Population structure
Appropriate analyses of genetic data rely on proper understanding of the genetic relationships between individuals in the study. We have identified substantial relatedness among CKB participants, with 24% (28% in rural, and 18% in urban areas) having at least one parent, child, or sibling in the study and 32% (39% rural, 23% urban) having one or more second-degree relative i.e. grandparent, grandchild, uncle/aunt, niece/nephew. We also found evidence of past consanguinity e.g. marriages between second cousins.

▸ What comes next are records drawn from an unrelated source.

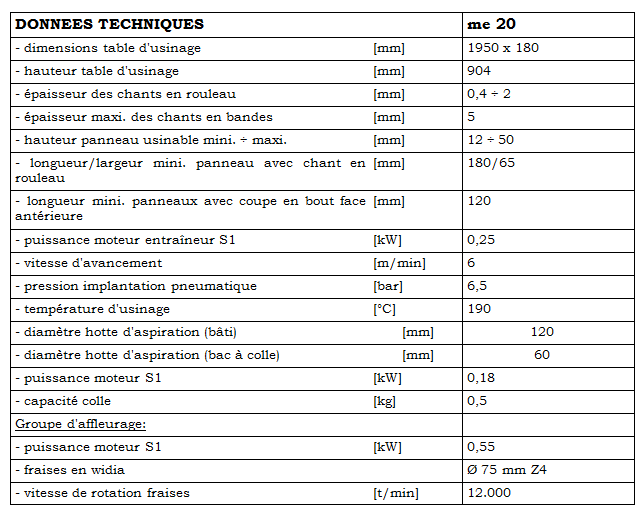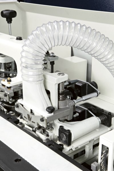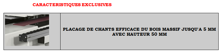 Le groupe est équipé de fraises, diamètre 72 mm: une partie du tranchant, pour l'affleurage des chants rayonnés (2 mm) et chants minces chanfreinés. La partie droite du tranchant est utilisée pour l’affleurage des chants en bois jusqu’à 5 mm. Pour le changement de la position du chant rayonné à chant en bois, il suffit de déplacer les fraises sur le même axe. L’épaisseur est indiqué par 2 indicateurs numériques.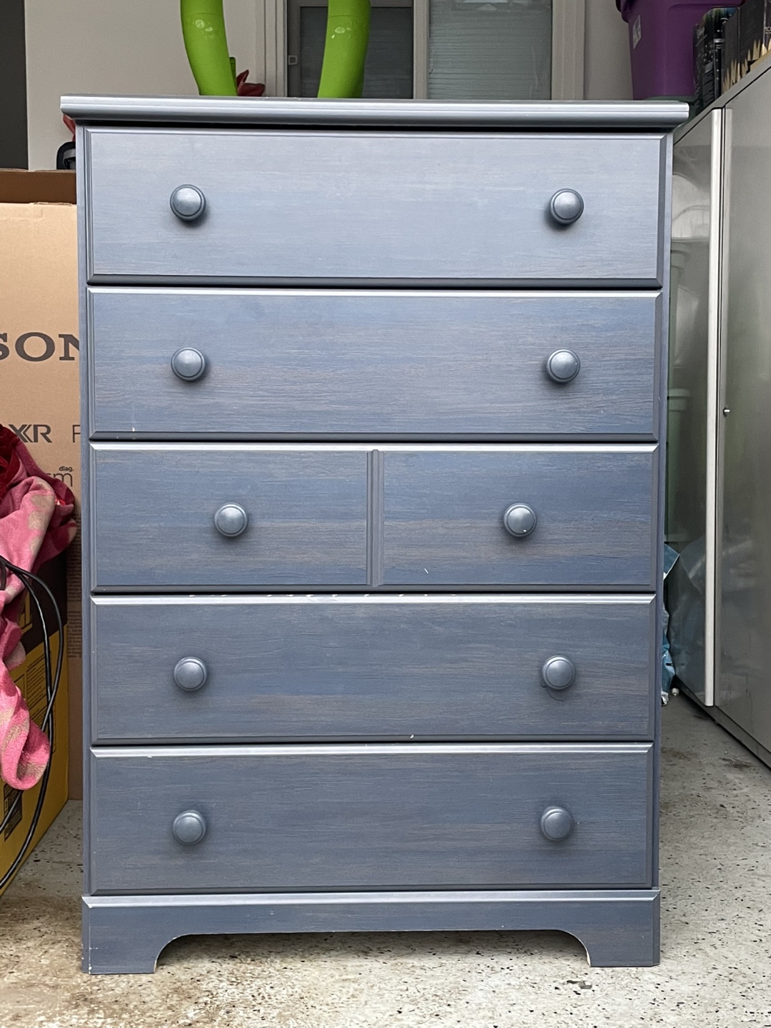 Buy & SellFive-Drawer Dresser - BlueFive-Drawer Dresser - Blue$50Five-drawer dresser. Dark grey-blue finish. Solid wood construction. Good used condition.ConditionGoodWHERE TO MEETCheck LocationView MapSELLERverifiedAbhayWalker1215 reviews12 chats·6 favorites·237 viewsSEND CHAT TO SELLERHi Abhay! I’m interested in your listing.Hi Abhay! I’m interested in your listing.Get the Karrot app to chatSign In to chat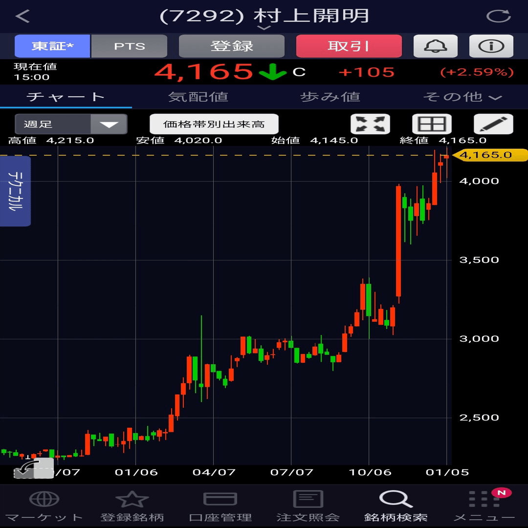 「【株FX】機関の仕込み買いを確認している企業リスト【note限定記事】」で先出し紹介していた「村上開明堂」が、株価2299円▶4165円の『プラス81%』に大幅上昇したよ♪ おめでとう♪(*^^*)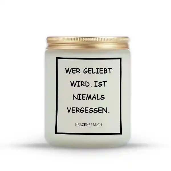 Bestelle dein Gedenklicht mit dem beruhigenden Duft „Waldgeheimnis“ (Bambus & Grüner Tee) und dem tiefsinnigen Spruch „WER GELIEBT WIRD, IST NIEMALS VERGESSEN.“ noch heute. Schaffe dir einen Ort des Friedens und der ewigen Erinnerung.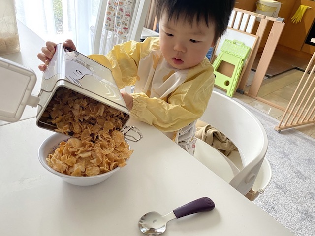 - シリアルをお皿に入れる⇨◯(こぼしたときようのミニちり取りと箒も常備)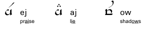 当拉丁拼写中出现两个不同的相邻元音时,可转写为连续两个 tehtar。但也可用图 1所列的适当滕格瓦表示第二个元音。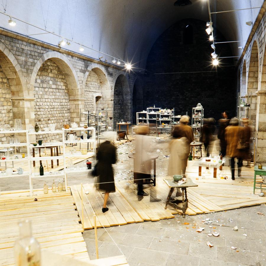 Les dues fotografies que taquen el catàleg insisteixen en aquest poder de la imatge com a finestral que convida a abocar-s’hi. Darrere nostre, sentim el soroll de milers de porticons que s’obren i es tanquen en les dues direccions, grinyols de frontisses i un continu so de passos: laberint de cops secs i petjades lleus.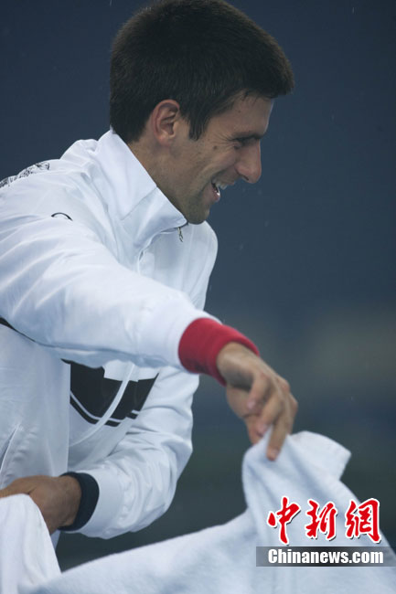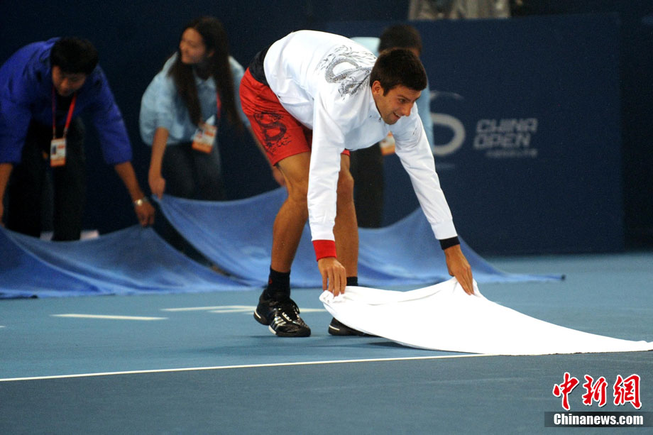 10月10日,總獎金額為210萬美元的ATP'500中網公開賽進入最后一天的爭奪,衛冕冠軍德約科維奇與西班牙名將費雷爾之間的男單決賽因雨中斷,比賽暫停時小德以3-1的比分暫時領先。中新社記者 富田 攝

These aspects of the data have been used in analysis of the impact of inbreeding on reproductive success (Nat Commun 2019), and for within-family GWAS to understand how shared environment can influence the results of genetic association studies (bioRxiv 2021).

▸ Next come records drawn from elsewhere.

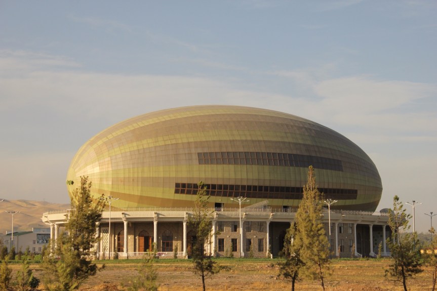 Remember the Tajikistan president holding those big melons in an earlier post? – well here is a big building shaped like a melon which we passed leaving the country…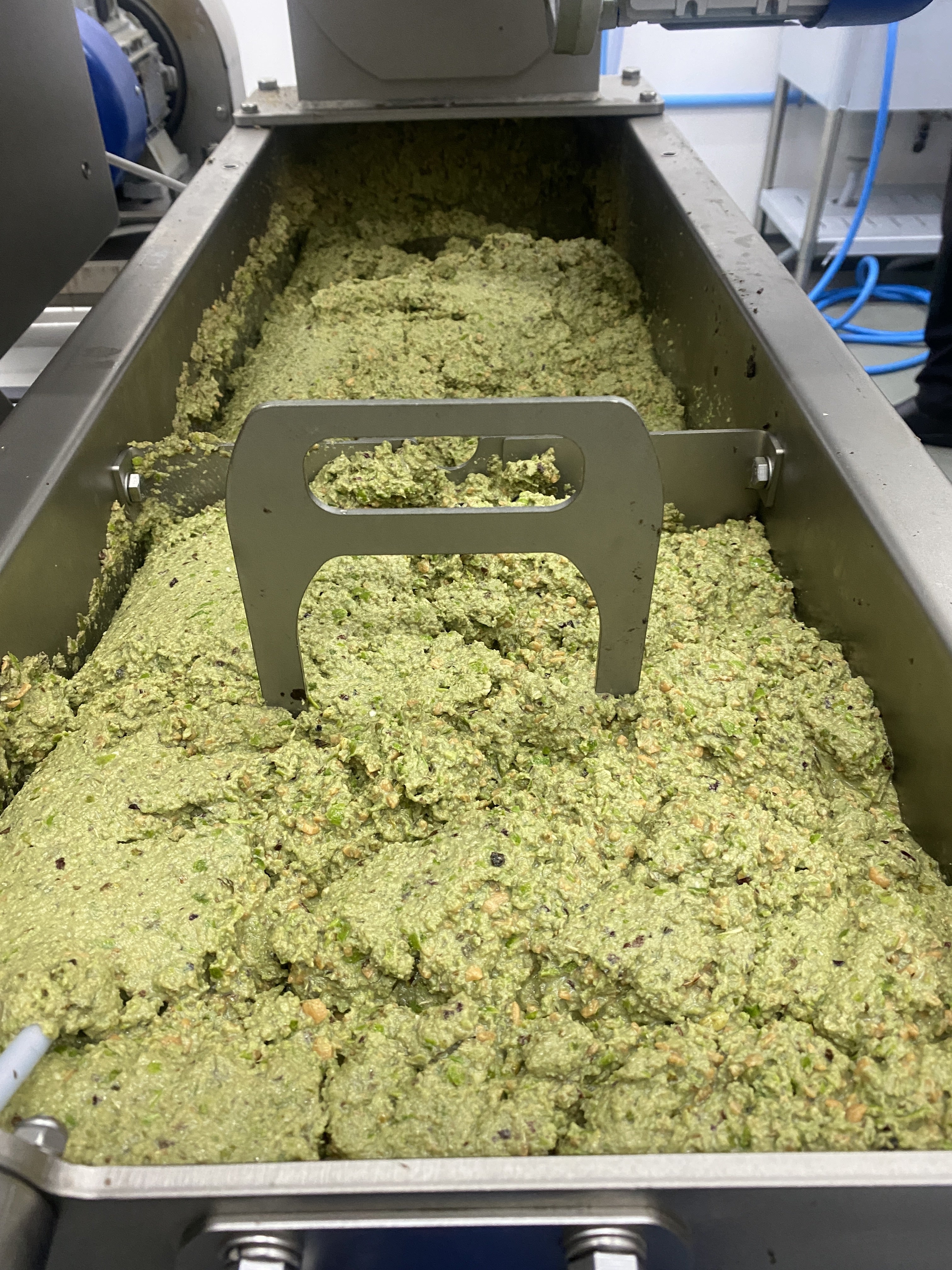 まずはオリーブを洗ってから粉砕機にかけ、種ごと粉々にしてペーストにします。(写真参照)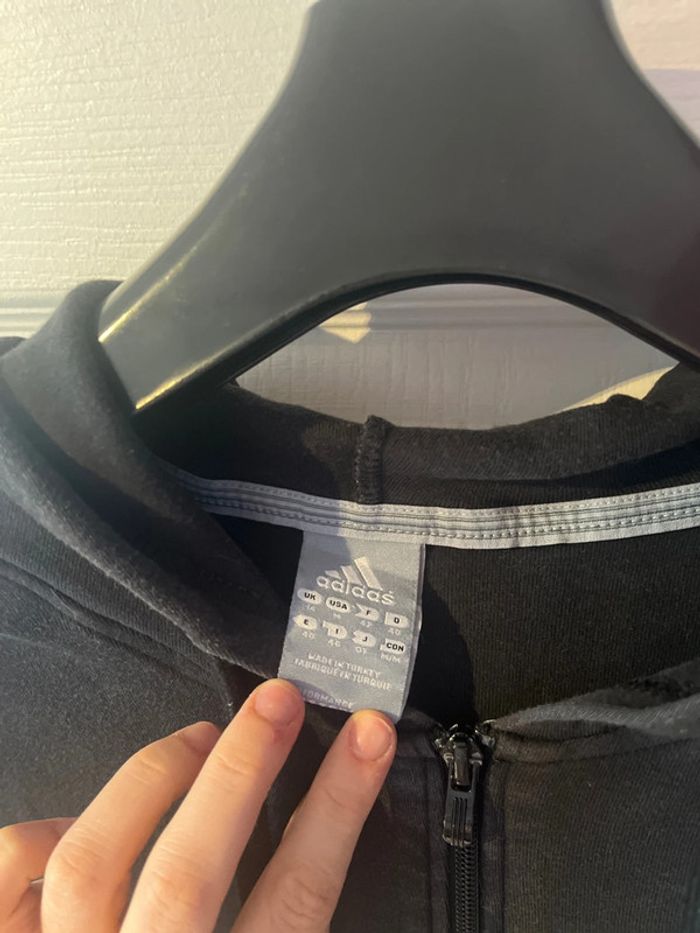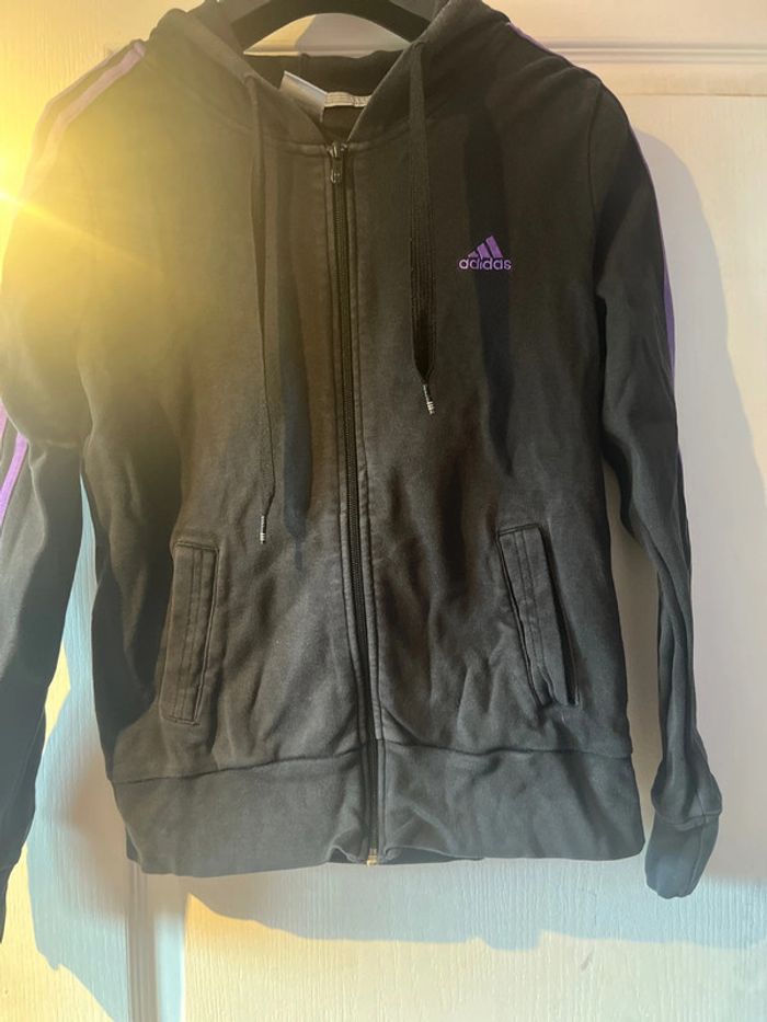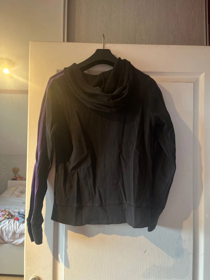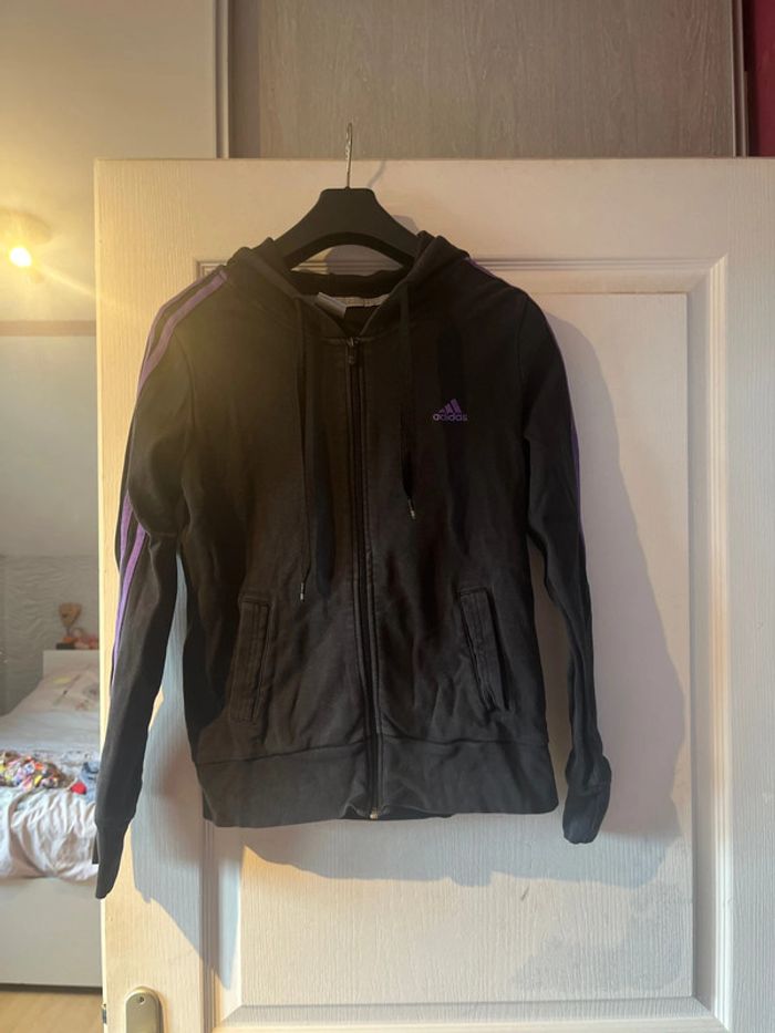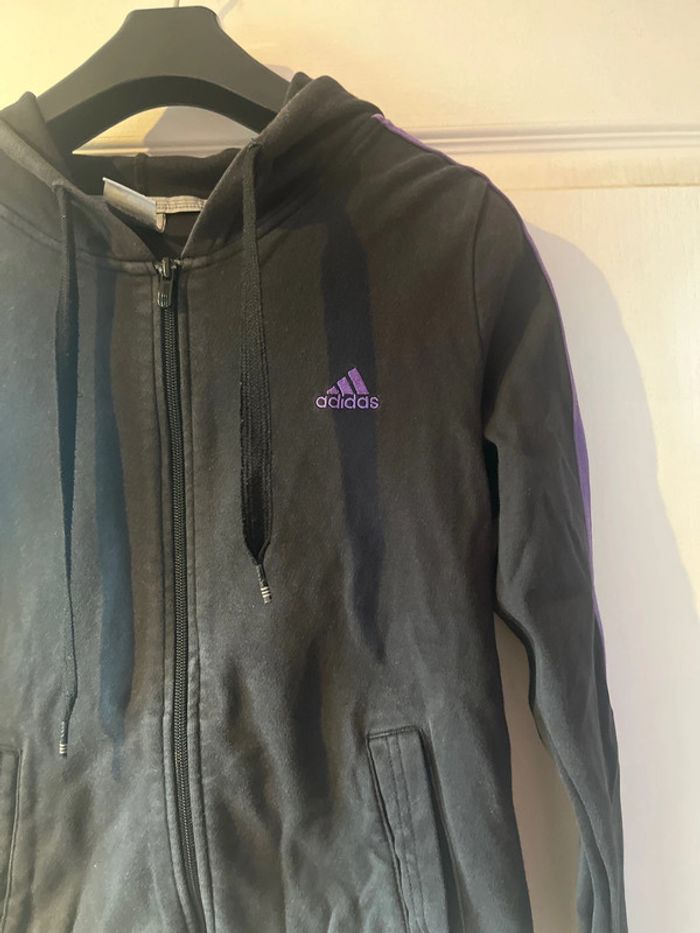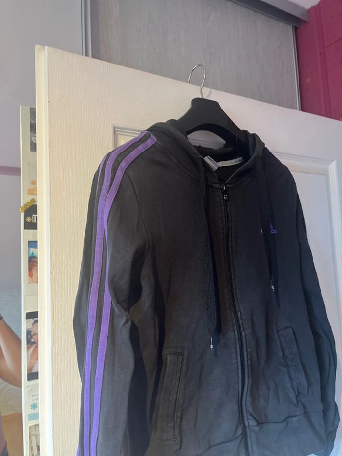 Sweat, à capuche, Adidas, taille L. Couleur noir et violet en bon état.

Analysis of genome-wide variation between individuals has also identified substantial genetic differences between individuals from different regions of China. Principal Component Analysis (PCA) groups study participants into discrete clusters largely reflecting the regions from which individuals were recruited, in a pattern strongly correlated with longitude and latitude. PCA within particular study regions revealed further patterns of genetic variation corresponding to participants’ specific recruitment clinics. This was, in general, much more pronounced in rural regions, reflecting established communities with little population movement, and was less strongly observed in urban regions in which there had often been recent inward migration. These findings have enhanced our overall understanding of the cohort, and have informed many of our genetic analyses.
Further resources
We continue to expand the available genetic resources. Data on DNA methylation (a chemical change in DNA involved in turning genes on and off) is available for approximately 1,000 individuals, and has provided evidence for involvement of methylation at the ANKS1A and SNX30 genes in cardiovascular risk (eLife 2021). In 2021, whole genome sequencing of 10,000 individuals was completed at BGI, Shenzhen and, after initial variant calling and quality control, 122M genetic variants have been identified in at least one sample. Given the rapidly falling cost of sequencing, we are seeking funding through private and public partnership to expand this pilot to sequencing of the entire CKB cohort.
Impact of research
Together with the many available phenotypes and disease endpoints in CKB, these genetic resources are enabling a broad range of projects led by CKB and external researchers (links to Genetics Collaborations). Together with other large biobanks in diverse populations, CKB will help to correct the strong Euro-centric bias of the genetic literature. With further development of the genetic resources, in combination with the growing range of diverse molecular assays, CKB will continue to make significant contributions to genetic discovery and elucidation of disease prediction, prevention, and treatment.